I moved into the low-lit den. I saw one of those dimmer-switch knobs and debated turning it up, but in the end I chose to leave it alone. My eyes adjusted pretty quickly. The room had cheesy wood paneling that looked as if it were made from something far closer to vinyl than anything in the timber family. There were two portraits of sad clowns with huge flowers on their lapels, the kind of painting you might pick up at a particularly tacky motel’s garage sale. There was a giant open bottle of no-name vodka on the bar.
I thought I heard somebody whisper.
“Chynna?” I called out.
No answer. I stood, listened for more whispering. Nothing.
I started toward the back, toward where I heard the shower running.
“I’ll be right out,” I heard the voice say. I pulled up, felt a chill. Because now I was closer to the voice. I could hear it better. And here was the thing I found particularly strange about it:
It didn’t sound at all like Chynna.
Three things tugged at me. One, panic. This wasn’t Chynna. Get out of the house. Two, curiosity. If it wasn’t Chynna, who the hell was it and what was going on? Three, panic again. It had been Chynna on the phone—so what had happened to her?
I couldn’t just run out now.
I took one step toward where I’d come in, and that was when it all happened. A spotlight snapped on in my face, blinding me. I stumbled back, hand coming up to my face.
“Dan Mercer?”
I blinked. Female voice. Professional. Deep tone. Sounded oddly familiar.
“Who’s there?”
Suddenly there were other people in the room. A man with a camera. Another with what looked like a boom mike. And the female with the familiar voice, a stunning woman with chestnut brown hair and a business suit.

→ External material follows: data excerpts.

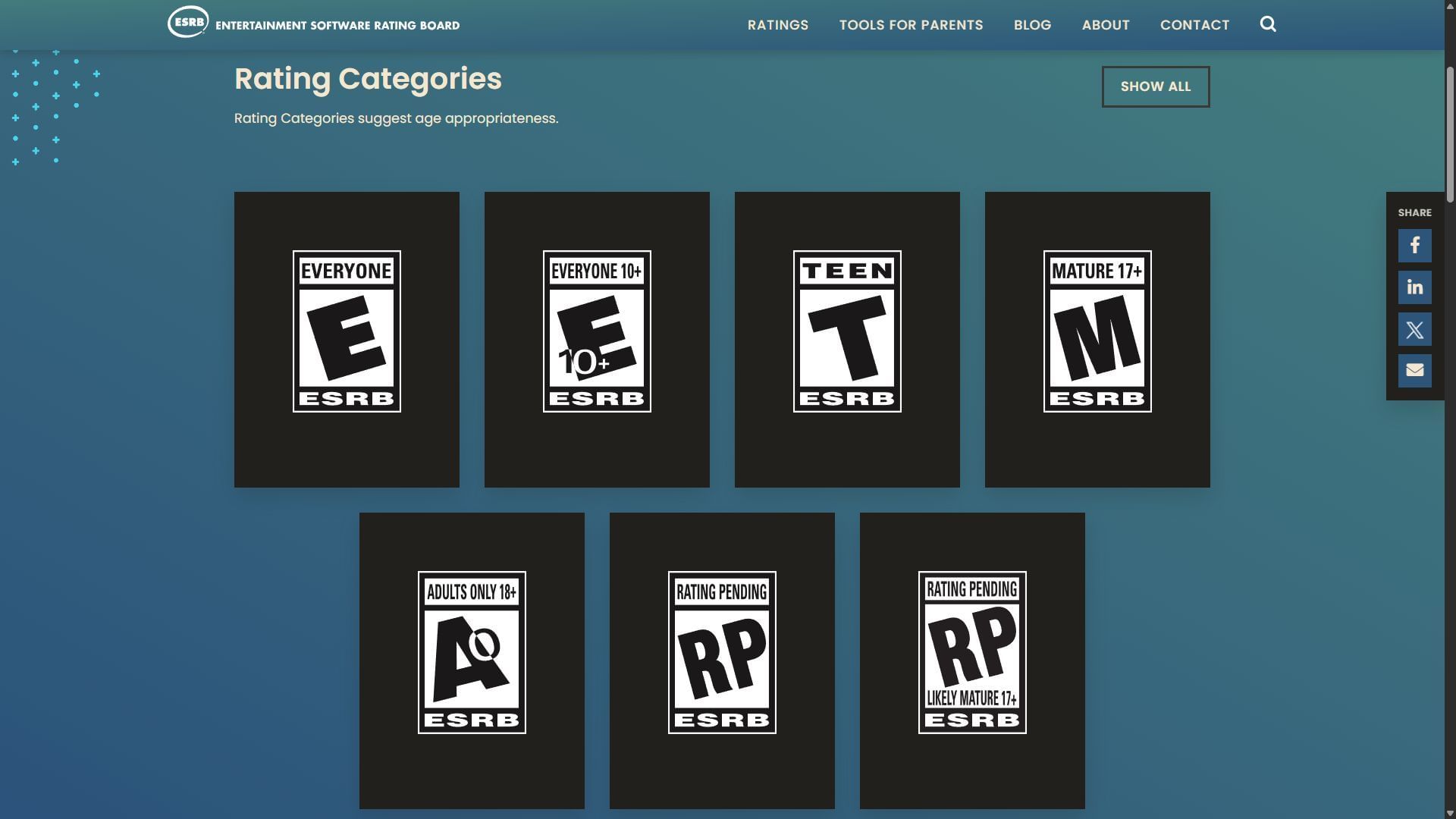 The Entertainment Software Rating Board, or ESRB for short, provides ratings based on the digital content and interactive elements present in entertainment software. These allow consumers and parents to make an informed decision on whether a particular entertainment software is appropriate for their children.
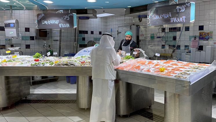 Norsk laks i fiskedisk i Riyadh
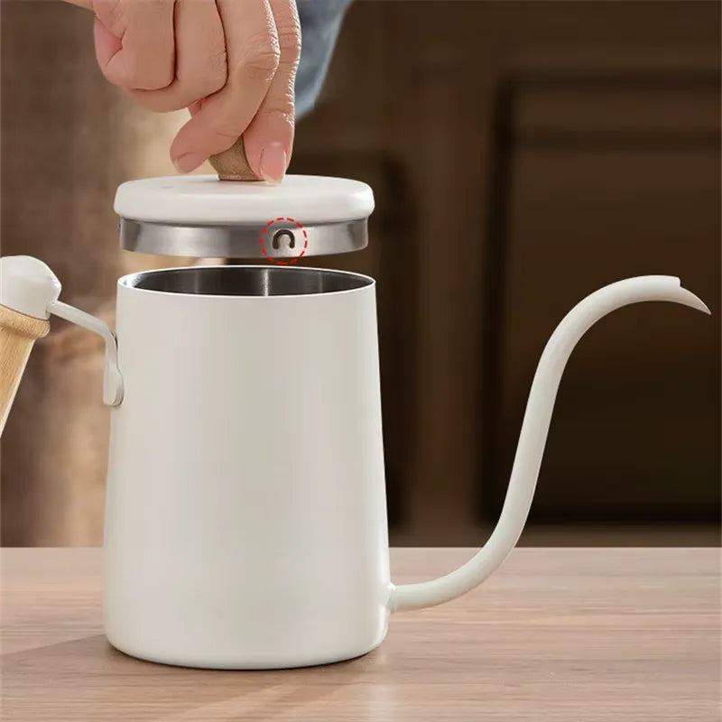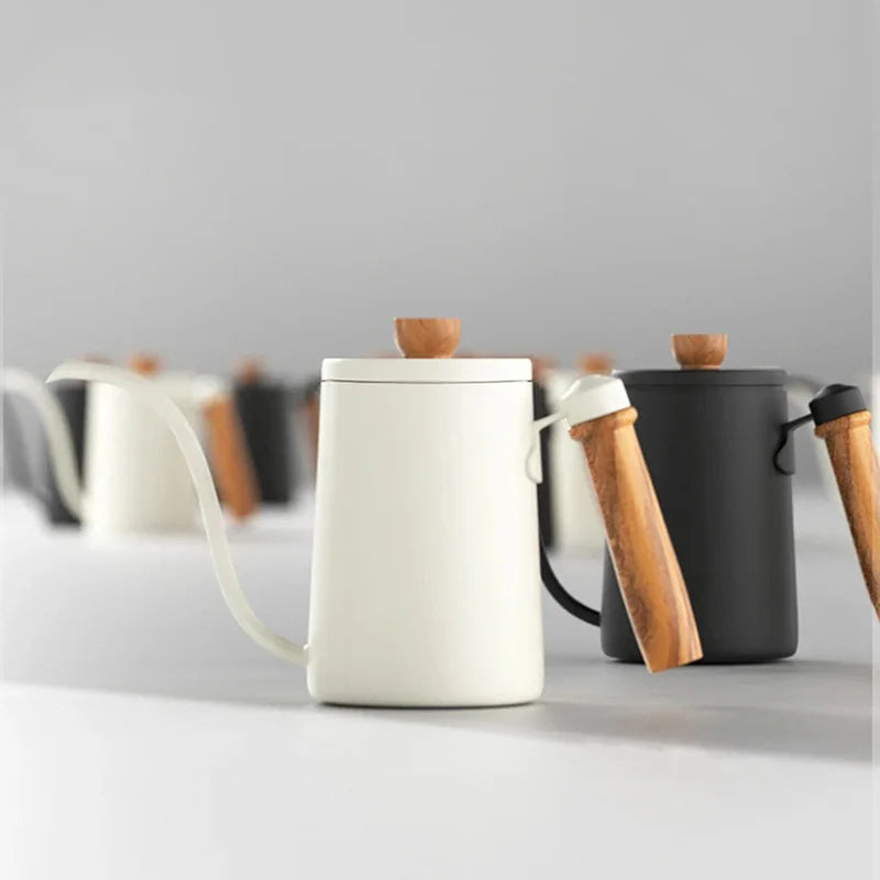 Bule Inox Chaleira Gooseneck 600ml com Cabo de Madeira para Café e Chá Casa Splendida
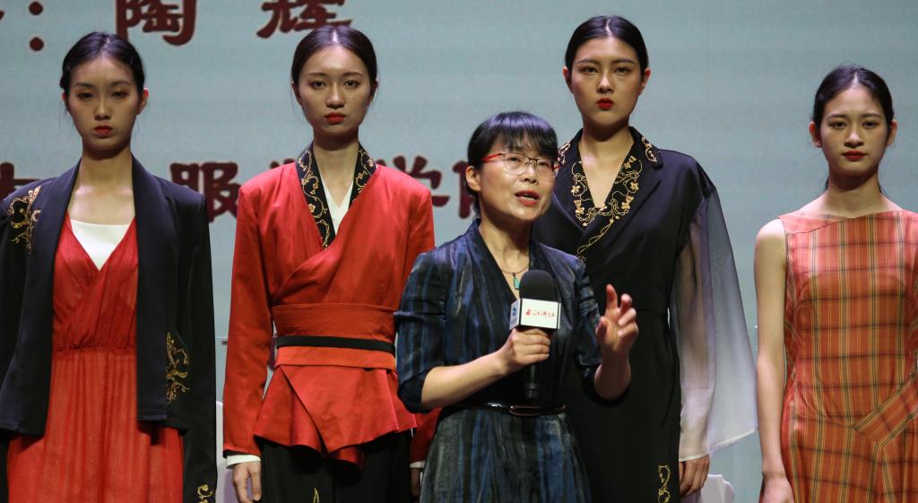 表演班15位同学身着学院非遗研究中心和学生设计的服装作品上台进行展示,台下响起热烈的掌声。陶院长依次讲解每件作品背后的文化内涵,她指出,百合小说
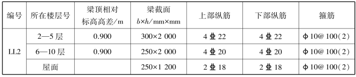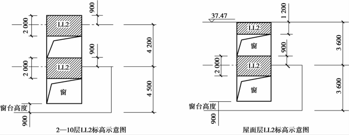 2—10层,LL2高出本层结构标高的高差为0.9m,正好是窗台的高度,LL2正好位于上下两层楼的窗与窗之间。梁表中屋面层梁顶相对标高高差为0,表示连梁顶标高与结构标高相同。
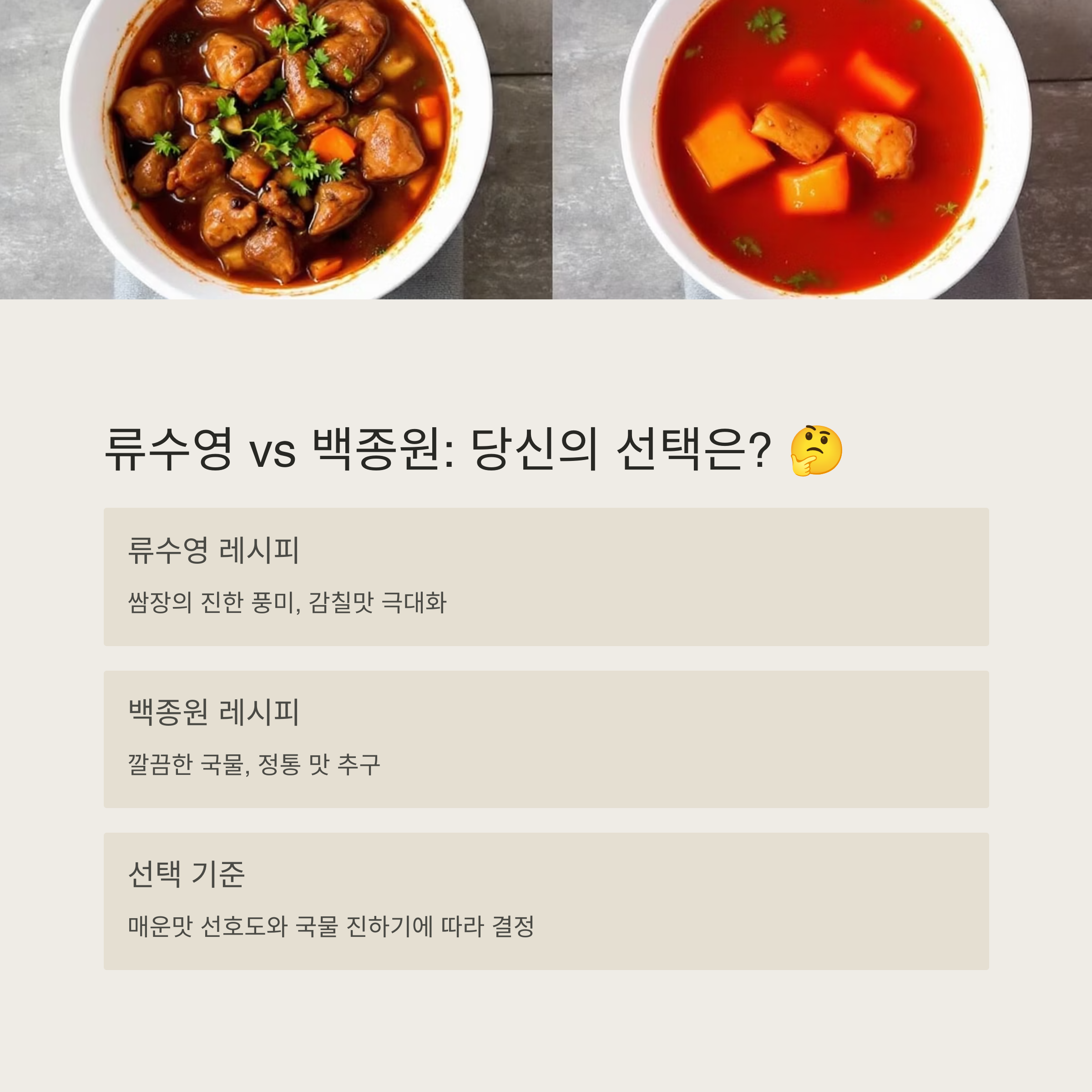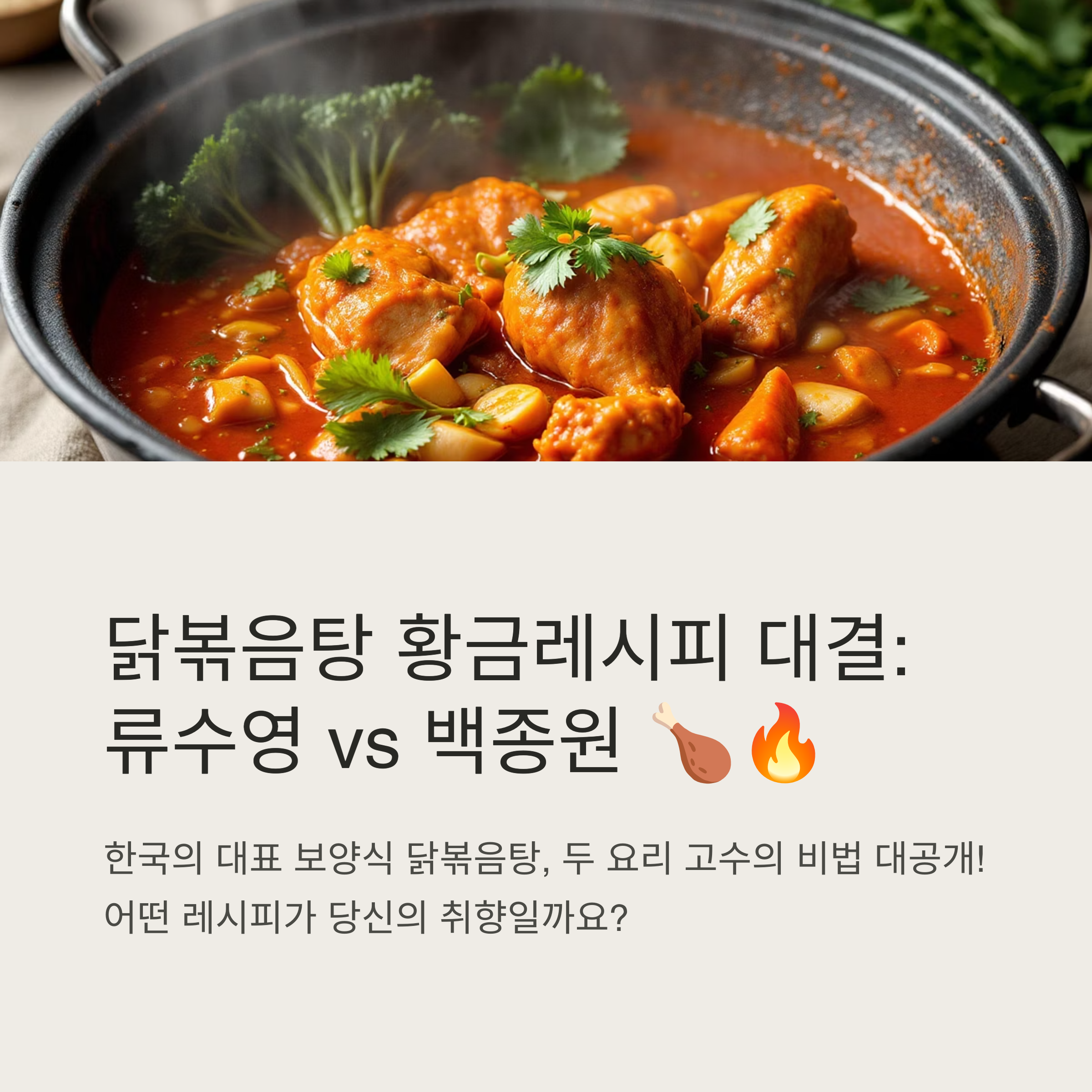 류수영의 감칠맛 넘치는 닭볶음탕 황금레시피와 백종원의 깔끔한 정석 레시피, 둘 다 집밥을 특별하게 만들어줘요. 😊
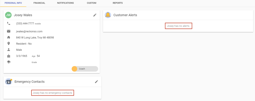 If a section of a contact's page does not contain records, a label displays in the section--for example, Josey has no emergency contacts:
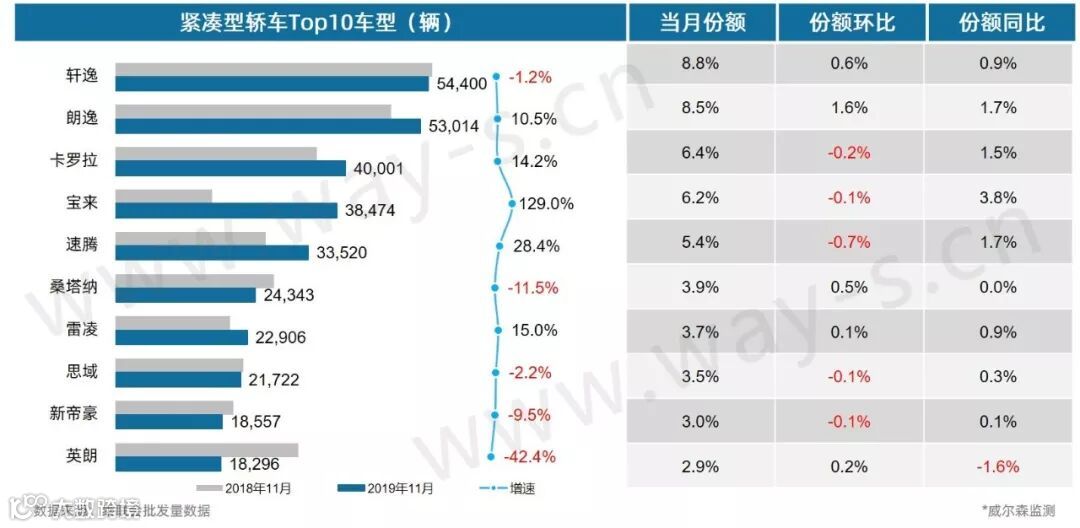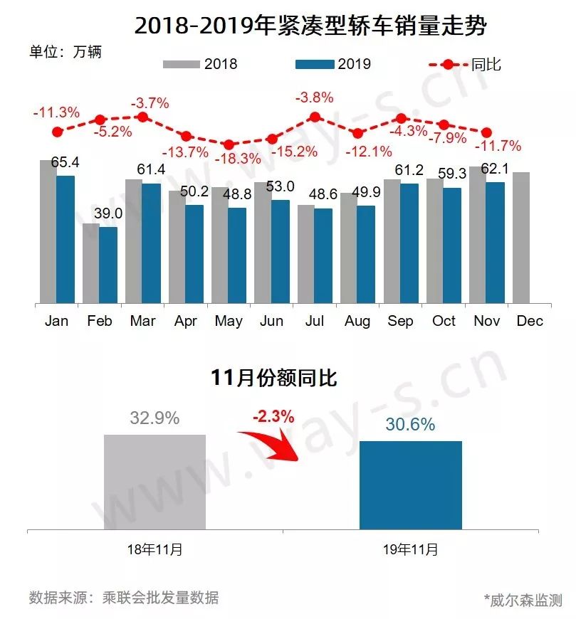 11月紧凑型轿车销量为62.1万辆,同比下降11.7%;份额为30.6%,同比下降2.3%。
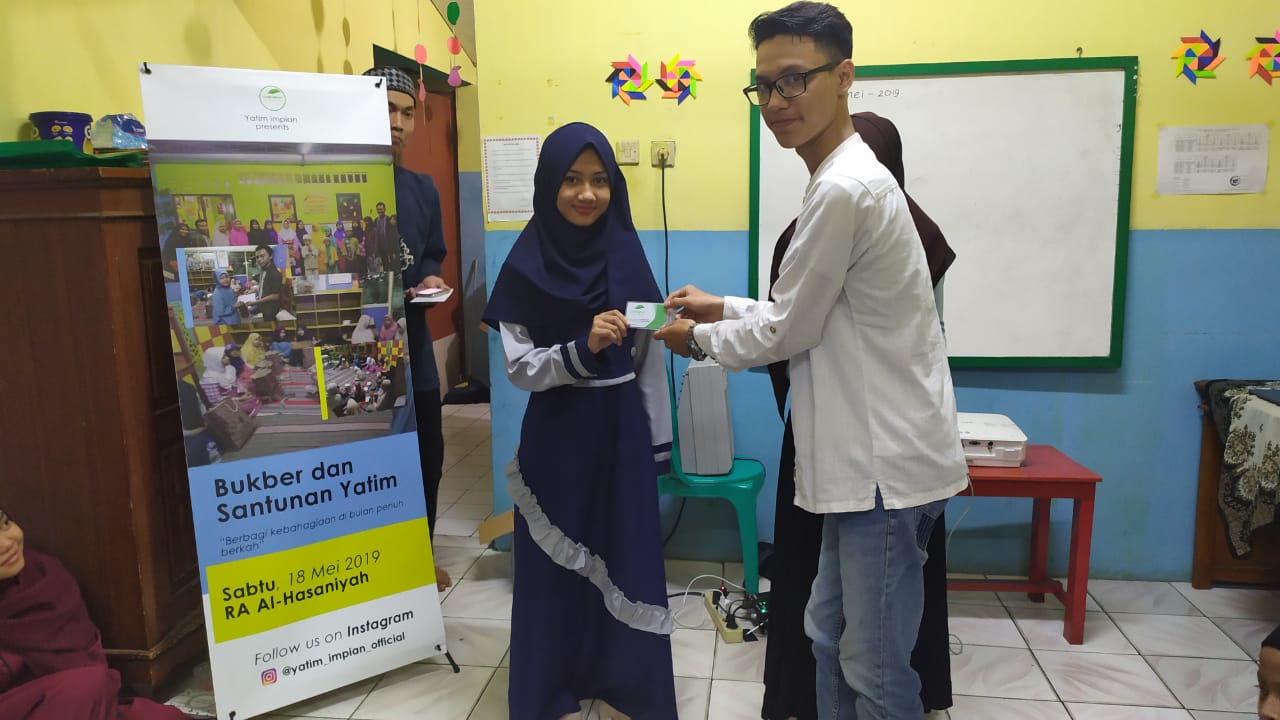 Acara kali ini kami selenggarakan di RA Al Hasaniyah Bekasi yg merupakan salah satu tempat dari Pengurus Yatim Impian. Dalam acara ini anak anak yatim juga kami beri motivasi agar mereka mau untuk mengejar mimpinya.
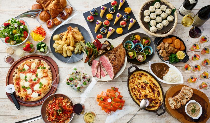 そのロビーを奥に入ったところにあるのが「オールデイダイニング ラジョウ」。昭和や夏祭り、“ヴァイキングの宴”など、ユニークなテーマのランチブッフェを開催しています。デリ、メイン料理、スイーツ、アイスクリームと見た目も楽しい料理の数々が並びます。平日ランチは時間内無制限なので、ゆっくりと過ごせるのもうれしいポイントです。

“Wendy Tynes, NTC News. Why are you here, Dan?”
I opened my mouth, nothing came out. I recognized the woman from that TV newsmagazine . . .
“Why have you been conversing online in a sexual manner with a thirteen-year-old girl, Dan? We have your communications with her.”
. . . the one that sets up and catches pedophiles on camera for all the world to see.
“Are you here to have sex with a thirteen-year-old girl?”
The truth of what was going on there hit me, freezing my bones. Other people flooded the room. Producers maybe. Another cameraman. Two cops. The cameras came in closer. The lights got brighter. Beads of sweat popped up on my brow. I started to stammer, started to deny.
But it was over.
Two days later, the show aired. The world saw.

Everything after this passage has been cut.